Script should not dump secrets to output

Any user credentials created for the 3rd party software installation, should be kept secret.

Suggested script vendor development flow

For the general script development the vendor should setup an on-prem vCenter. Then using a Linux dev box with PowerShell:

• Create a non-root user and login as that user
• Checkout your module repository
• Edit your module files
• Start pwsh
• Setup the context: login via PowerCLI and set the variables, like $VC_ADDRESS and $SSH_Sessions
• Import the module from your checked out directory
• Test
• Make changes to your module as necessary
• Restart the pwsh or remove and re-import your module
• Repeat

This should get the scripts to 99% ready for testing on AVS.

Note: example of a script that sets up the context for your dev loop:

Set-PowerCLIConfiguration -InvalidCertificateAction:Ignore
$VC_ADDRESS = "10.0.0.2"
$PersistentSecrets = @{}
$VC_Credentials = Get-Credential
Connect-VIServer -Server $VC_ADDRESS -Credential $VC_Credentials
Connect-SsoAdminServer -Server $VC_ADDRESS -User $VC_Credentials.Username -Password $VC_Credentials.Password -SkipCertificateCheck
function sshLogin([PSCredential]$c) {
    $sshs = [System.Collections.Generic.Dictionary[string,object]]::new()
    $sftps = [System.Collections.Generic.Dictionary[string,object]]::new()
    foreach($h in Get-VMHost) {
        $sshs[$h.Name] = [Lazy[object]]::new([System.Func[object]] { New-SSHSession -ComputerName $h.Name -AcceptKey -Credential $c }.GetNewClosure())
        $sftps[$h.Name] = [Lazy[object]]::new([System.Func[object]] { New-SFTPSession -Computer $h.Name -AcceptKey -Credential $c }.GetNewClosure())
    }
    Set-Variable -Name SSH_Sessions -Value $sshs -Scope Global
    Set-Variable -Name SFTP_Sessions -Value $sftps -Scope Global
}
$ESX_Credentials = Get-Credential
sshLogin $ESX_Credentials

The final QA cycle would be:

• Publish the package with -dev version suffix
• Get on the Linux jumpbox connected to your SDDC vnet
• install docker and spin up an instance of this image: mcr.microsoft.com/powershell:7.4-alpine-3.17
• In the PowerShell container:
  • Install only your package from PS Gallery – this is to ensure that your package has correctly specified all the dependencies
  • Setup the context
  • Test

Introducing breaking change in Microsoft management packages

For minor (non-breaking) changes we either let the build number increment or if we are introducing new functionality that we may need to referece we bump the minor version component. For breaking changes please open a RFC PR and get the agreement of the stakeholders.

Testing via Run Command and preparing for release

At this point you can tell us that it’s ready to be reviewed.

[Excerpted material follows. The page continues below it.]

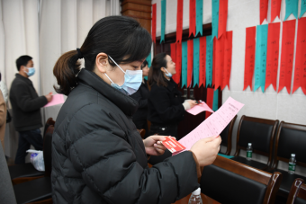 “拜年(打一作家名)”“年终岁尾,不缺鱼米(打一字) ”“你知道谜底是什么吗?”活动现场,机关工会工作人员精心挑选了多条融知识性、趣味性为一体的经典谜语贴在墙上供大家竞猜,让大家乐中有学,共同领略汉语文化的无穷奥妙。大家仔细分析谜面,互相分享自己的想法,有的盯着谜题凝神思考,有的为自己猜中谜底露出喜悦,兴奋地到兑奖处兑换奖品,100多条谜语不久便全部猜完,现场气氛异常热烈。
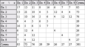| От / к | Пл.1 | Пл.2 | Пл.3 | Пл.4 | Пл.5 | Пл.6 | Пл.7 | Пл.8 | сумма |

• We’ll review the package, import it into our private repository and list it for execution via Run Command/ARM API. Additional checklist may be required, work with your PM to determine.
• AVS "Customer 0" will evaluate the overall GA readiness
• Re-publish the package with -preview suffix to do a Private Preview with your customers.
• Re-publish the package w/o -preview suffix to make your package available to general public.

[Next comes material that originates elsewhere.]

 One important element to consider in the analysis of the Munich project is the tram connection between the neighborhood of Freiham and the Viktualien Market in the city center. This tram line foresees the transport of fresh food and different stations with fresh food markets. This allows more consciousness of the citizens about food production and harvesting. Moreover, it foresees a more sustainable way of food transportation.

After this initial onboarding we require that the vendor sets up CI testing that executes the commandlets via AVS SDK to make sure future packages pass the lifecycle test and to shield you from any possible changes on the AVS side. Promotion from -preview to generally available package will be conditional on the test report that shows that all commandlets perform as expected.

FAQ

Q: Does the Run Command container have access to the Internet?
A: Yes, the agent executing the commands is always connected to the Internet via AVS management network.

Q: Does the Run Command container have access to the customer's Azure VNet or resources?
A: No, any access to customer resources other than VMware infrastructure of the SDDC would have to be scripted by the vendor.

Q: Does Run Command carry session state across invocations?
A: No, with the exception of package-scoped secrets there is no support for preserving state across executions.

Q: Is there a way to invoke Run Command outside of the Azure portal?
A: Yes, see az vmware script-execution create documentation, or see the C# sample for an example using the Azure SDK.